---------- Collected data

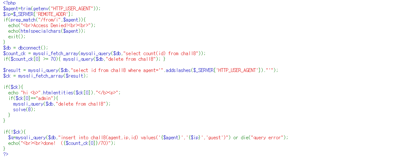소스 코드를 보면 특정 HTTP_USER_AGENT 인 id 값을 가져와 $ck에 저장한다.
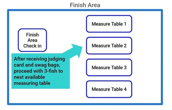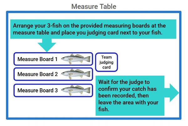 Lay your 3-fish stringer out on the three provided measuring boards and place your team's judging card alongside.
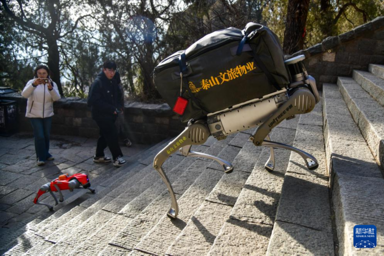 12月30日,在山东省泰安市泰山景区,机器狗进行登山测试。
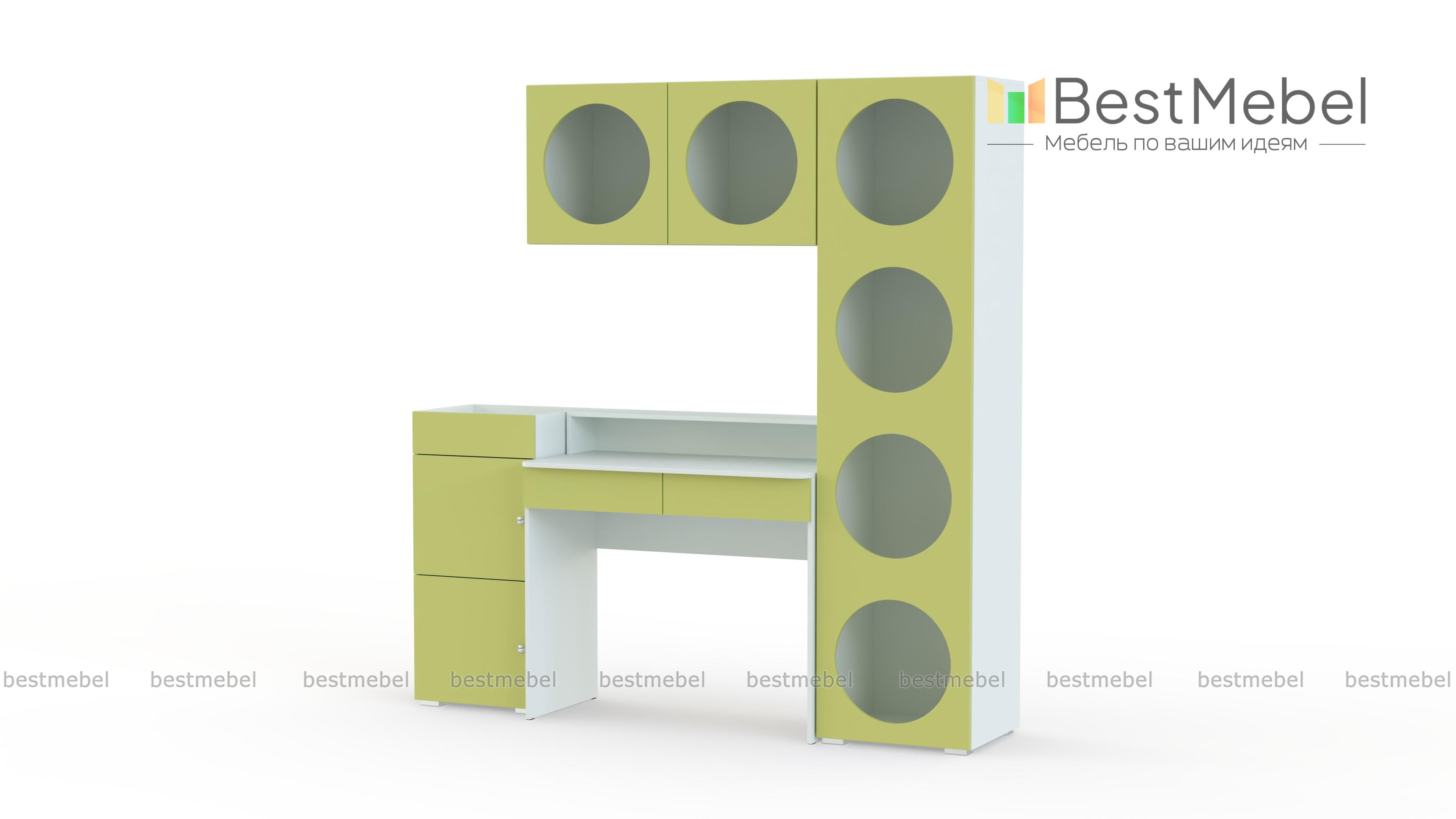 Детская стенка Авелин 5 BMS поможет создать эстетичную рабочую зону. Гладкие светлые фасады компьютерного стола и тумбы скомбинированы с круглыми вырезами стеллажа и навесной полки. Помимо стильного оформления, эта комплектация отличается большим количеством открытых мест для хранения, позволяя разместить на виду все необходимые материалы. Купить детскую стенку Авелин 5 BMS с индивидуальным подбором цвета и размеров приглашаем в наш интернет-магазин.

--------------------

**The problem**
Produce the data again character for character, with the images left out.

**Task response**
소스 코드를 보면 특정 HTTP_USER_AGENT 인 id 값을 가져와 $ck에 저장한다.
 Lay your 3-fish stringer out on the three provided measuring boards and place your team's judging card alongside.
 12月30日,在山东省泰安市泰山景区,机器狗进行登山测试。
 Детская стенка Авелин 5 BMS поможет создать эстетичную рабочую зону. Гладкие светлые фасады компьютерного стола и тумбы скомбинированы с круглыми вырезами стеллажа и навесной полки. Помимо стильного оформления, эта комплектация отличается большим количеством открытых мест для хранения, позволяя разместить на виду все необходимые материалы. Купить детскую стенку Авелин 5 BMS с индивидуальным подбором цвета и размеров приглашаем в наш интернет-магазин.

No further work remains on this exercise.